The aftermath of a collapsed Calamity-Class Rift did not look like peace; it looked like a bureaucratic nightmare.

For three days following the sudden stabilization of Sector 4, the mainland coastal capital was choked with the high-frequency hum of Association scout drones and the heavy military transports of the S-Rank reinforcement squads. They arrived too late to fight, but exactly in time to dissect the rubble.

From the quiet northern veranda of the Jena estate, Krishak stood with his small hands resting on the frosted stone railing, watching the tiny, silver dots of the automated surveillance drones sweep across the horizon like mechanical flies. None of them dared to fly within five miles of the island.

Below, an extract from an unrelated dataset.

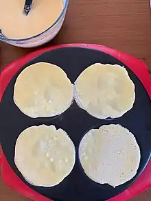 Crêpe en train de cuire : progressivement la pâte se déshydrate (formation de vapeur d'eau[3]), se solidifie (épaississement de l'amidon et coagulation des protéines des œufs et du gluten, formant un gel qui n'est pas perméable à la vapeur d'eau) puis quand elle a perdu une grande partie de son eau, elle dore (plusieurs réactions simultanées de brunissement non enzymatique).
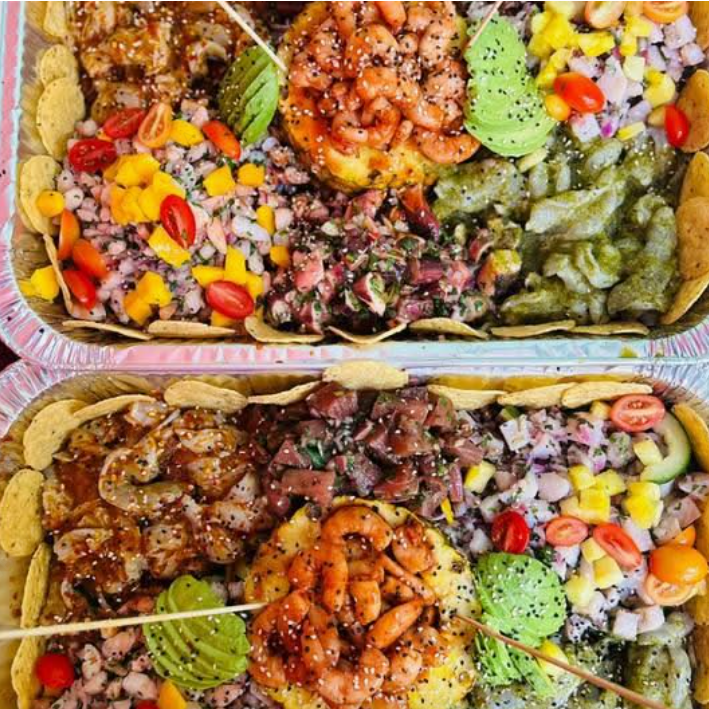 Camarón cocido, aguachiles, atún, pulpo y ceviche mixto con aguacate, salsas de la casa y un toque secreto, 5 a 6 Personas.

The estate's automated magitech dampeners—which Veer had set to maximum output—provided the perfect cover. To the outside world, the island was a silent, wealthy sanctuary safely tucked behind standard S-Rank defensive arrays. No one suspected that the true anchor of the region's safety was currently wearing a small, wool-lined winter coat and eating a piece of honeyed toast.

Inside his body, the changes were profound.

The volatile cosmic back-surge he had siphoned from the dying rift had finally settled, completely digested by the three **Obsidian Cores**. The hyper-dense Void-Iron beads in his lower *Dantian*, his chest, and his forehead were no longer pulsating with raw, erratic energy. Instead, they had smoothed into liquid-black spheres that rotated with absolute, mathematical precision.

*My Level 4 vessel has fully cured,* Krishak thought, his permanent rings of blue fire shifting lazily beneath his dark pupils. *The internal gravity fields are perfectly balanced. If I were to unleash a standard palm strike now, the shockwave would not travel through the air; it would fold the space between my hand and the target, delivering the impact directly to their molecular marrow.*

He raised his small right hand, watching the faint, transparent distortion in the air around his fingertips. The air molecules themselves were being slightly pulled toward his skin, creating a microscopic, permanent vacuum.

"Krishak! Big brother!"

A small, high-pitched voice shattered his cosmic evaluation.

Luna came tumbling out onto the veranda, her chubby legs wrapped in thick white fleece leggings, her arms extended like a clumsy bird. She had recently passed her third birthday, and her tiny *Qi* lines—though entirely unpolished—were already beginning to show the distinct, warm resonance of her mother's psychic affinity.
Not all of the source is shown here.